## Information supplied:
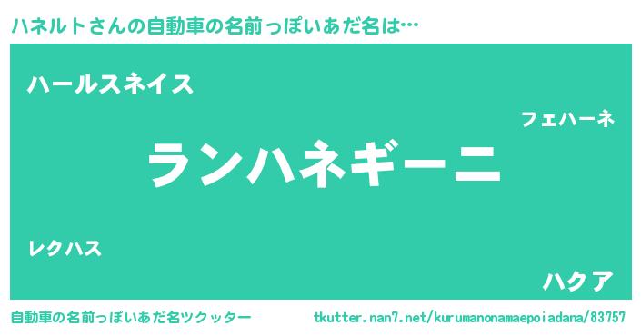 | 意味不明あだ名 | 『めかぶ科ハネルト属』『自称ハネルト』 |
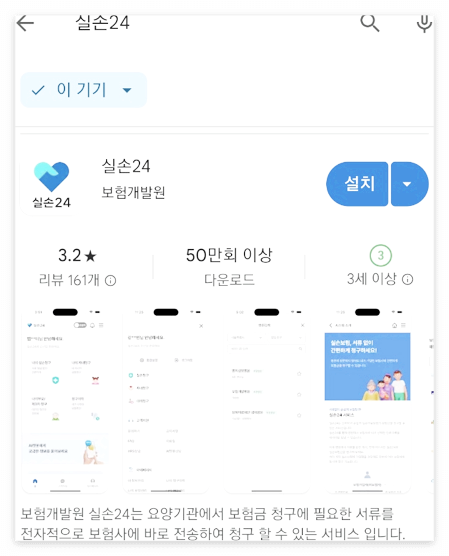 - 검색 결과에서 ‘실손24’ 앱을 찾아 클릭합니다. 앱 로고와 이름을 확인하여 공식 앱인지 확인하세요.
* * *
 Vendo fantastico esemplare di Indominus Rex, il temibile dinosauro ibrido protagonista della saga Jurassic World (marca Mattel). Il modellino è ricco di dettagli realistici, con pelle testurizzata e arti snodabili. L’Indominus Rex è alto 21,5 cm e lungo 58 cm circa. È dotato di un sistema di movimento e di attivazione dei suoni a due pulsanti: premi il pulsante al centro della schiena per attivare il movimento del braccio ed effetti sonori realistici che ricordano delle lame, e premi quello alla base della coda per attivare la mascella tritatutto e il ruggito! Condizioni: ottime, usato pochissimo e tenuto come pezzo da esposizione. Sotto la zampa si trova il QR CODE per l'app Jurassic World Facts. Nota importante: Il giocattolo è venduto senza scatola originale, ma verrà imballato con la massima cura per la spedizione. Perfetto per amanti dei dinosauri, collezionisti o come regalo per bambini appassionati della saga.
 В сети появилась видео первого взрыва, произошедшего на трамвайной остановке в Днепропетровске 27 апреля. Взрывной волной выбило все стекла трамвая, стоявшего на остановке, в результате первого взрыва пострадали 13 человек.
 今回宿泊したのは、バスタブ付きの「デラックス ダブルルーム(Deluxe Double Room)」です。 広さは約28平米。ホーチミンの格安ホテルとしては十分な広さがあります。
==
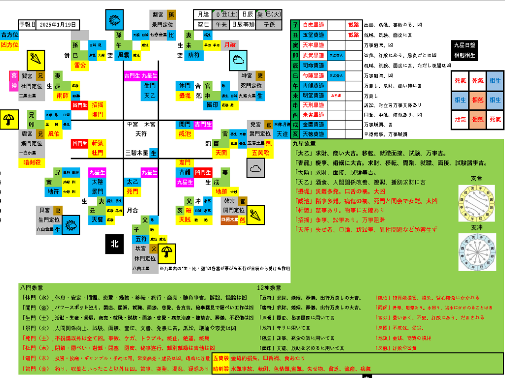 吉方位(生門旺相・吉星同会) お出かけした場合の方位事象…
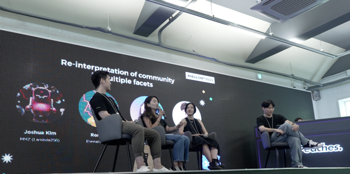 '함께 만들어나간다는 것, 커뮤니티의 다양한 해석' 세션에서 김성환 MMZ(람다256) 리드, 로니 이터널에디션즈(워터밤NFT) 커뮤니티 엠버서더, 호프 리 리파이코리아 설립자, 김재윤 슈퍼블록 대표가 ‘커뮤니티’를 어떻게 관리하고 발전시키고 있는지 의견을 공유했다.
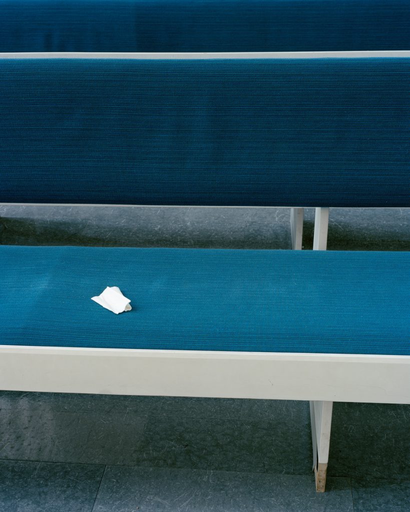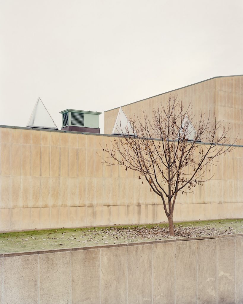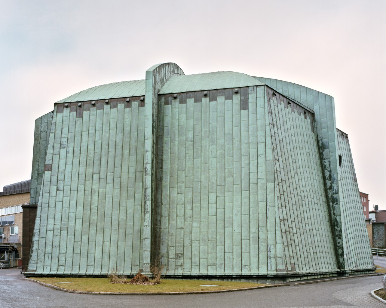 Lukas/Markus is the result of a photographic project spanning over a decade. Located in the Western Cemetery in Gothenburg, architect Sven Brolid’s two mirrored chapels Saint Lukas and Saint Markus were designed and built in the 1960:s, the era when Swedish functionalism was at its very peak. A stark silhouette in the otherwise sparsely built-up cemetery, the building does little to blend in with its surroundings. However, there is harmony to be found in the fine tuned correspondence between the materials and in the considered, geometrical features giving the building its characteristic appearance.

## Task goal:
Your answer should be the exact lines above from the one containing "意味不明あだ名 | 『めかぶ科ハネルト属』『自称ハネルト』 |" through the one containing "- 검색 결과에서 ‘실손24’", with both end lines kept and the pictures removed, please.

## Solution:
 | 意味不明あだ名 | 『めかぶ科ハネルト属』『自称ハネルト』 |
 - 검색 결과에서 ‘실손24’ 앱을 찾아 클릭합니다. 앱 로고와 이름을 확인하여 공식 앱인지 확인하세요.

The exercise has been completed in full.